This was a nonrandomized crossover study. Before starting the exercise, the seat of the cycle ergometer was adjusted for each participant, who was asked to pedal on the cycle ergometer (Ergoline Ergomedic 839 E; Monark, Germany) for 30 minutes, starting at 25 watts. The exercise protocol included 5 min of warm-up, 20 min of steady-state cycling at 60–70% heart rate reserve, and 5 min of cool-down cycling [24]. During the steady-state phase, the cycling speed was maintained at 65 rpm, and the workload was checked and adjusted every 2 min to maintain the cycling speed at an individually determined target HR. The target HR was estimated using the Karvonen formula as follows:

Target HR = heart rate reserve ([206–0.88 × age—resting HR]) × percentage of target intensity + resting HR).

Heart rate was continuously monitored using Metalyzer 3B.

Metalyzer 3B analyzed respiratory and metabolic parameters, including oxygen consumption (VO2), carbon dioxide production (VCO2), respiratory exchange ratio (RER), and heart rate. To measure gas exchange, participants wore a comfortable and adjustable face mask during exercise sessions that fit securely and minimized discomfort during exercise.

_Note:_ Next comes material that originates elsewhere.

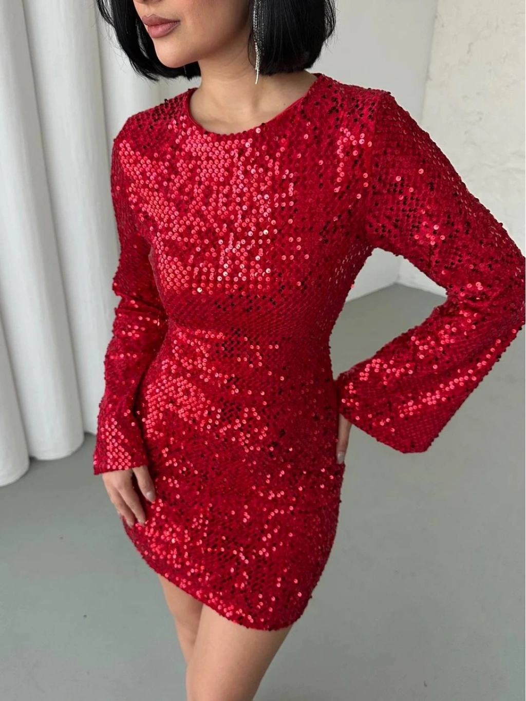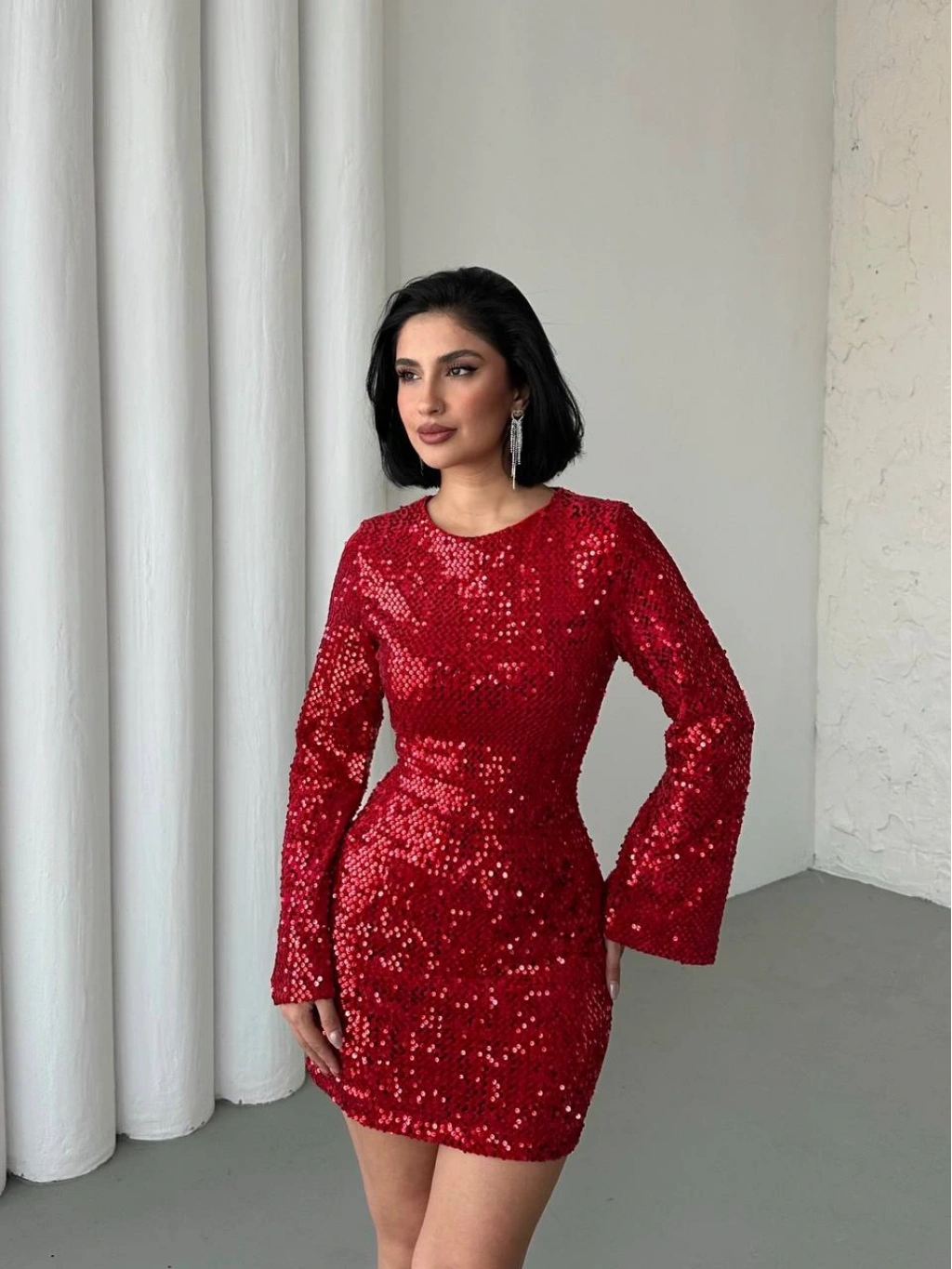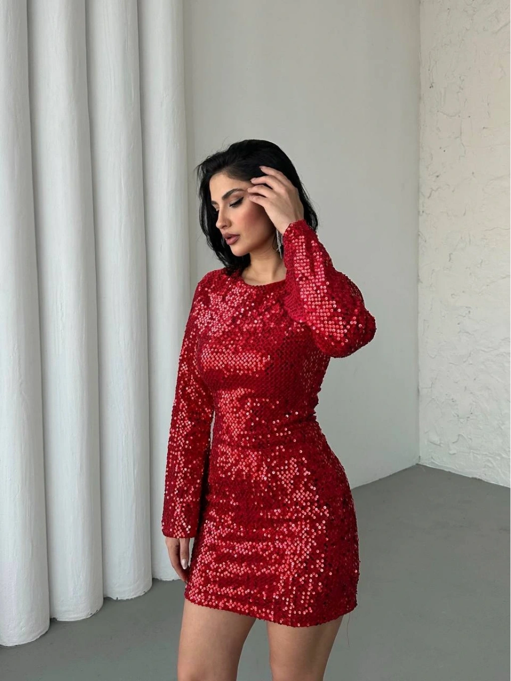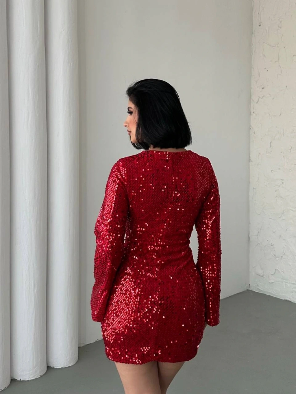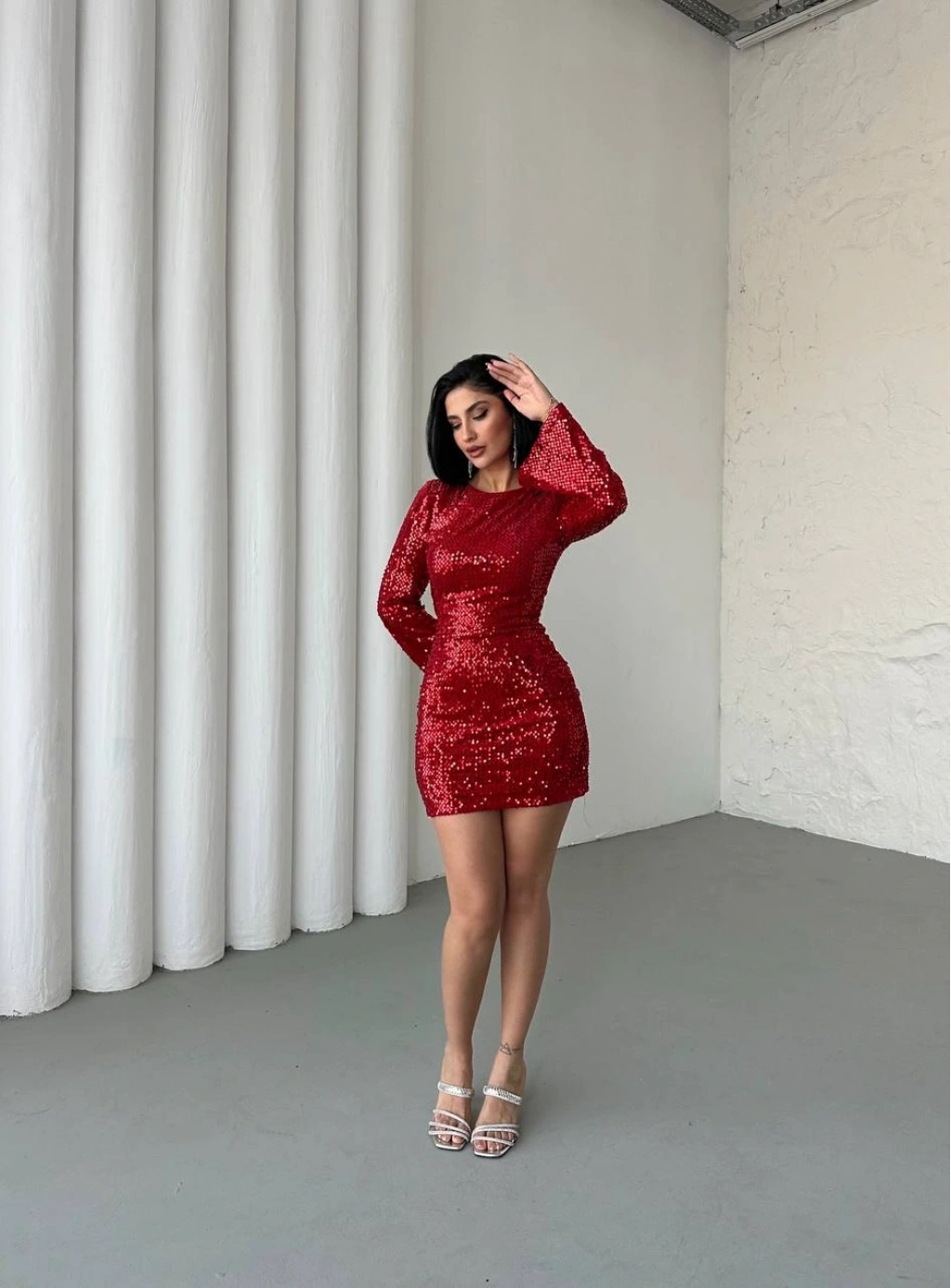 Bu büyüleyici  pul payetli midi elbise ile tüm dikkatleri üzerinize çekin. Özel davetler, nişan törenleri, yılbaşı partileri veya kokteyller için mükemmel bir seçimdir.

Cognitive task measurement

The validated Persian version of the Stroop Color and Word Test (SCWT) was used to assess cognitive performance [25]. The Stroop cognitive function test was administered shortly before the start of the exercise and 10 min after the exercise performance using the Stroop test software. This test includes four colors: green, yellow, red, and blue. In this way, participants were shown a total of 480 congruent words (the color of the word was the same as its script) and incongruent words (the color of the word was different from its script) and were asked to respond as quickly as possible [26]. The speed of their response was recorded in milliseconds(ms). They performed the test using the index fingers of both hands.

Saliva sampling and assay

Participants were asked not to eat, drink (except water), smoke, or brush their teeth for 30 min before collecting saliva samples to ensure that external factors do not influence the saliva composition. To measure salivary cortisol, salivary samples were collected immediately before and 30 min after the two exercise sessions to evaluate cortisol levels in response to physical activity. The mouth was rinsed before sample collection to wash away contaminants and residual substances that might affect the sample quality. The tongue was then moved into the mouth for 2 min to stimulate saliva secretion, and saliva was poured into the tube. The collected saliva samples were immediately stored at −20°C to preserve their components for further testing. The saliva samples were thawed completely and centrifuged at 3000 rpm for 15 min. This separates the clear liquid (supernatant) from any solid residue (pellet), allowing for more precise measurement of the saliva’s components. Salivary cortisol levels were measured using a commercially available Salivette kit (Eliza, Diametra, Italy). Salivary cortisol concentrations were determined using a specific laboratory technique of electrochemiluminescence immunoassay. Cortisol levels were measured according to the manufacturer’s instructions. The tests were performed three times for each sample to ensure accuracy and reliability. For cortisol, the intra-assay variability was ≤10% indicating good consistency when measuring the same sample in one session and the inter-assay variability was ≤8.3% showing reliability over time. The sensitivity of the kit to determine cortisol was 0.12 g/ml with a confidence limit of 95, emphasizing its precision in measuring cortisol.

Statistical analyses

To analyze the results, after confirming the normal distribution of the data with the Shapiro–Wilk test, paired t-test and Analysis of Variance (ANOVA) with repeated measures were performed to compare the measurements. For paired comparisons, the Bonferroni test or paired t-test was used for paired values. Statistical analysis was performed using SPSS software (version 21).

Results

Participants of the study included 12 collegiate active females (age:24.91±1.19 years, height:162.82±7.02 cm, weight:54.3±7.73 kg, and BMI:20.30±1.49 kg/m2), with menstrual cycle duration of 28.08±1.62 days.

Cortisol

Repeated measures ANOVA showed a significant difference between cortisol levels in the different phases of the menstrual cycle and exercise(F(1, 11) = 13.387, P = 0.030). Paired-wise comparisons showed that at rest, cortisol level in the follicular phase(mean 5.24, 95% CI 3.38, 6.60) was non-significantly (mean difference-0.87, 95% CI -0.53, 2.27) higher than the luteal phase (mean 4.37, 95% CI 3.69, 5.05). In the follicular phase, exercise cortisol levels following exercise(mean 7.62, 95% CI 6.61, 8.62) increased significantly(mean difference -2.37, 95% CI -3.57, -1.17; p = 0.002) compared to before exercise(mean 5.24, 95% CI 3.88, 6.60). In luteal phase, also cortisol levels after exercise(mean 6.294, 95% CI 5.42, 7.16) increased significantly(mean difference -1.92, 95% CI -2.77, -1.06; p = 0.001) compared to before exercise(mean 4.37, 95% CI 3.69, 5.05).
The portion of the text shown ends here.